Люк понимал, что это тщательно продуманное напоминание того, что было раньше, того как много изменилось с тех пор. Даже больше, это было возможностью вновь вернуть тот момент - для Люка - чтобы изменить свое решение, основываясь на большей информации и менее наивной точке зрения. Его Мастер предлагал начать с чистого листа, и Люк был согласен потворствовать ему; по крайней мере, это определенно изменилось.
Но несмотря на все изменения за последние три года, кое-что осталось прежним. У Люка все еще была собственная повестка дня к столу, собственные желания и собственные цели. Он просто научился маскировать их - научился играть в игру его Мастера. Именно это он и намеревался сделать сегодня вечером.
Палпатин рассчитывал на ответную реакцию своего драгоценного джедая, желая ясности его позиции в свете случившегося. Император пошел на большой риск, чтобы вызвать эти изменения. Люк теперь был абсолютно уверен в том, что именно Палпатин спровоцировал произошедшее; хотя ему хватало благоразумия не искать доказательств этому, что только насторожило бы Императора; к тому же это было бессмысленно - по какой бы причине все не произошло, конечный результат оставался неизменным. Эта особая махинация принесла его Мастеру успех.
Ибо она полностью разъяснила Люку его положение: изолированное и неподдерживаемое ничьей стороной. Разъяснила болезненную очевидность - Люк не мог опереться и положиться ни на кого, кроме себя.
Этот простой факт собирался стать движущей силой всех его действий и стремлений. Он слишком долго оставался уязвимым, разрываемым противоречивыми принципами и привязанностями, и Палпатин был совершенно прав, указав ему на это. Что ж, теперь у Люка была новая преданность – та, которой он должен был следовать уже давно.
Себе самому. Своим планам. Своим задачам.
Да, Палпатин ожидал реакции, и Люк намеревался ее предоставить. Для своих собственных целей.
Стоя перед высокими окнами гостиной, Люк терпеливо ждал приглашения в его частную столовую, обшитую эбеновым деревом, наблюдая, как день уступил небо чернильной темноте, освещаемой жаром городских огней.
Когда тяжелые двустворчатые двери наконец открылись, он шагнул внутрь и нашел своего Мастера, стоящим перед массивным каменным камином - точно так же, как это было в первый день их встречи.
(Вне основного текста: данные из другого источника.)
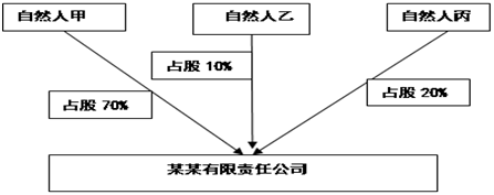 假设“某某有限责任公司”由三位自然人股东:甲占股70%,乙占股10%、丙占股20%。股权架构图如下图1所示: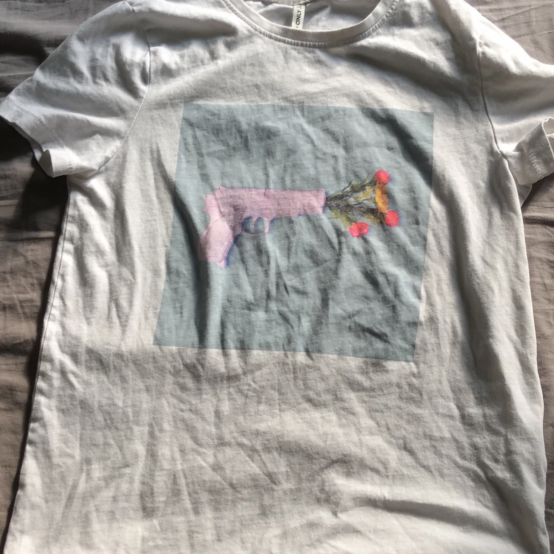 En vit t-shirt med tryck från only andvänd 1 gång säljer för att jag inte andvänder den

Несмотря на теплый вечер, внутри был разожжен огонь. Однако ряд высоких стеклянных дверей на балкон был открыт, чтобы снизить температуру, идущую от огня - то что, никогда не позволялось в первые месяцы его нахождения здесь; фактически это было невозможно, двери установили только после того, как жилец этих комнат больше не собирался бежать из них.
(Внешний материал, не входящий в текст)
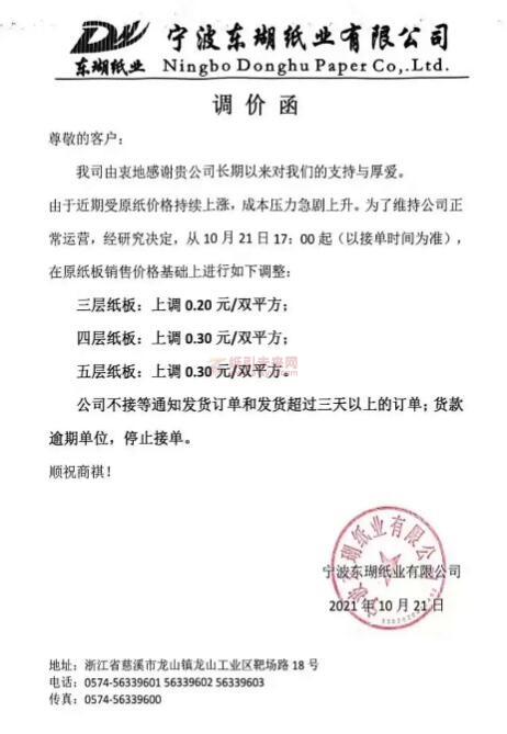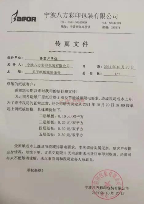 和前幾輪不一樣的是,本輪漲價部分紙板廠采取了限制訂單數(shù)量的做法,普遍以工廠8月-9月的日均下單數(shù)為最大下單額。此外,即使同一地區(qū),紙板廠的漲價步伐也開始出現(xiàn)分化。

В то время были установлены обзорные окна военного образца, толщиной в несколько дюймов, связанные тросами с массивными балками, спрятанными в укреплениях внутри стен. Тюрьма для джедая, как объяснил ему тогда Мастер. Люк все же разбил их, одним единственным ударом Силы, разрушив и окна и большую часть окружающей стены - настолько намертво они были скреплены с ней. Но он сделал это.
Какую сторону Силы он использовал тогда для этого, Свет или Тьму? Он не помнил больше, не помнил, когда он начал колебаться, хотя с острой, как острие ножа, ясностью помнил момент своего падения. Своего «раскрытия», как часто называл это Мастер, и Люк не понимал наверняка почему - они оба знали, чем это действительно было.
Император медленно повернулся, его длинный плащ прошелестел по полированному мрамору; резкий мерцающий свет от огня играл на его сморщенных, изможденных чертах лица. Когда Люк увидел его первый раз, он был потрясен этой обезображенностью - теперь же лицо Палпатина было знакомо ему больше, чем свое собственное. Он редко смотрел на себя в зеркало, его больше не волновало то, что он там увидит.
В поклоне Люк мучительно опустился на колено, раны по-прежнему мешали ему, и Император тут же сделал жест, указывая ему подняться.
- Встань-встань, друг мой, - голос был наполнен тщательно вымеренным чувством заботы.